◆ DIRECTIONS FOR THIS TASK ◆
Exactly as written, return all the data, leaving its pictures behind.

◆ DATASET CONTENT ◆
== Segment start ==
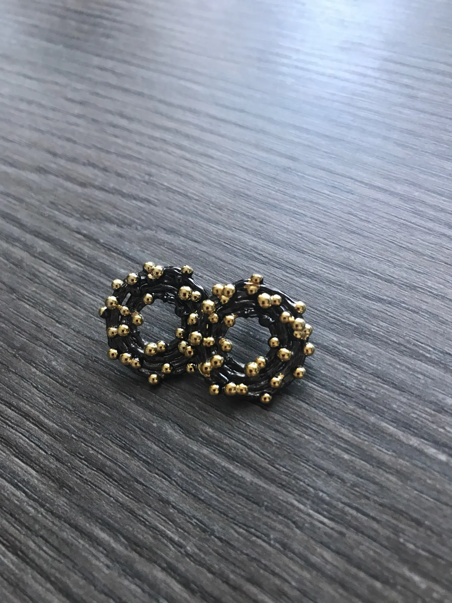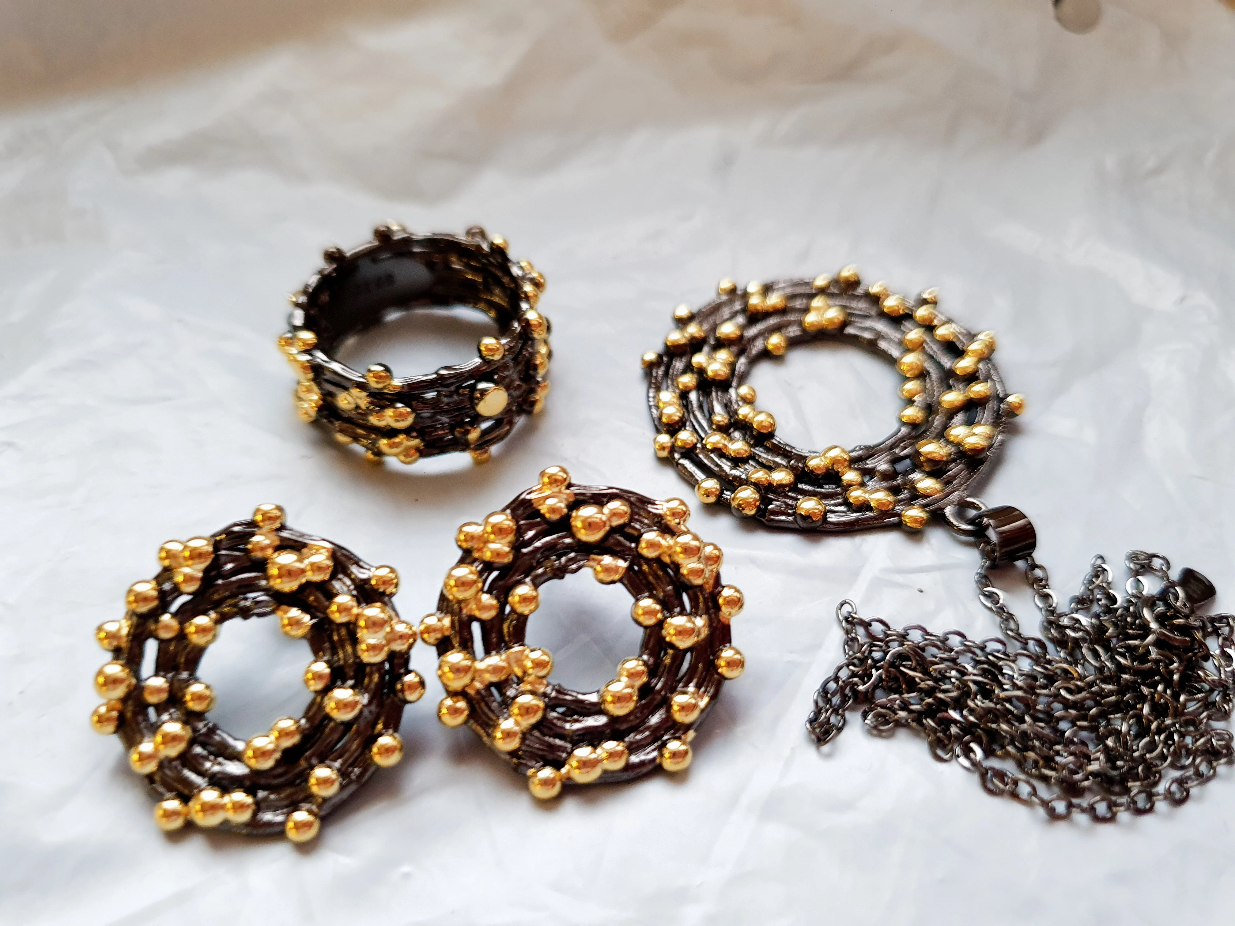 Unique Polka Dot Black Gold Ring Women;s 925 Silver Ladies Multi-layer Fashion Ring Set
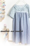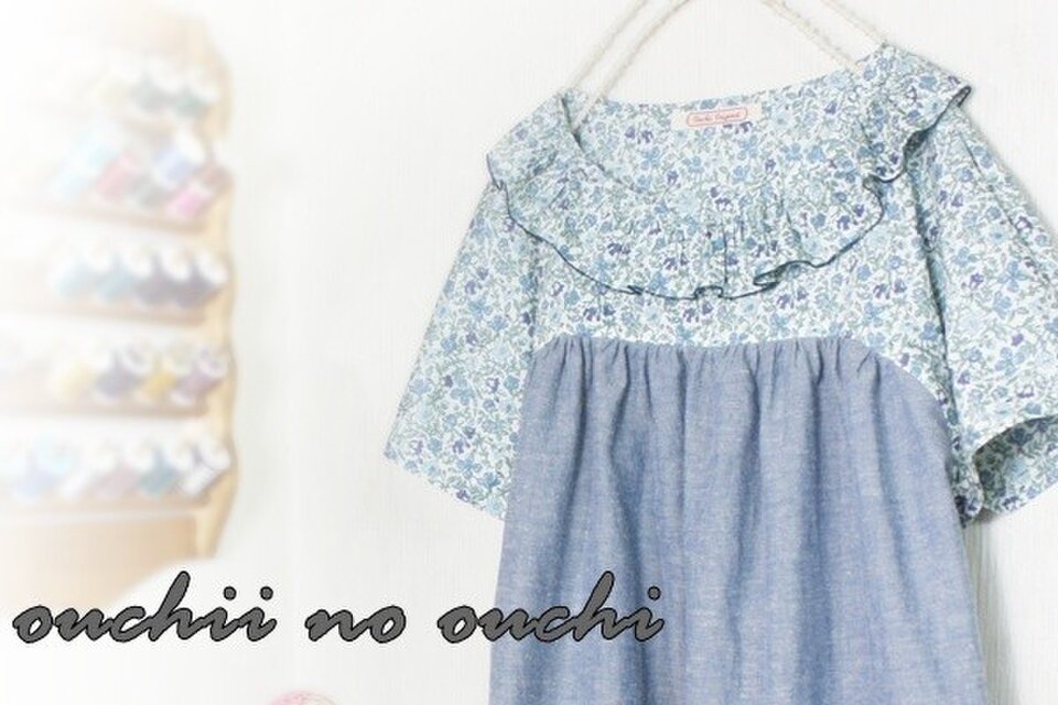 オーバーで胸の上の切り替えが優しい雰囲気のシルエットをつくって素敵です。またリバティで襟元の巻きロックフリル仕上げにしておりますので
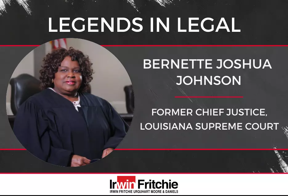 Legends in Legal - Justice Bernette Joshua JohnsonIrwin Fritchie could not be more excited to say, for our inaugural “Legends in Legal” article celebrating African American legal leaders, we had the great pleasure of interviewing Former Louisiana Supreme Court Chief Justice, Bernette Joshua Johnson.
== Segment end ==
◆ YOUR SOLUTION ◆
 Unique Polka Dot Black Gold Ring Women;s 925 Silver Ladies Multi-layer Fashion Ring Set
 オーバーで胸の上の切り替えが優しい雰囲気のシルエットをつくって素敵です。またリバティで襟元の巻きロックフリル仕上げにしておりますので
 Legends in Legal - Justice Bernette Joshua JohnsonIrwin Fritchie could not be more excited to say, for our inaugural “Legends in Legal” article celebrating African American legal leaders, we had the great pleasure of interviewing Former Louisiana Supreme Court Chief Justice, Bernette Joshua Johnson.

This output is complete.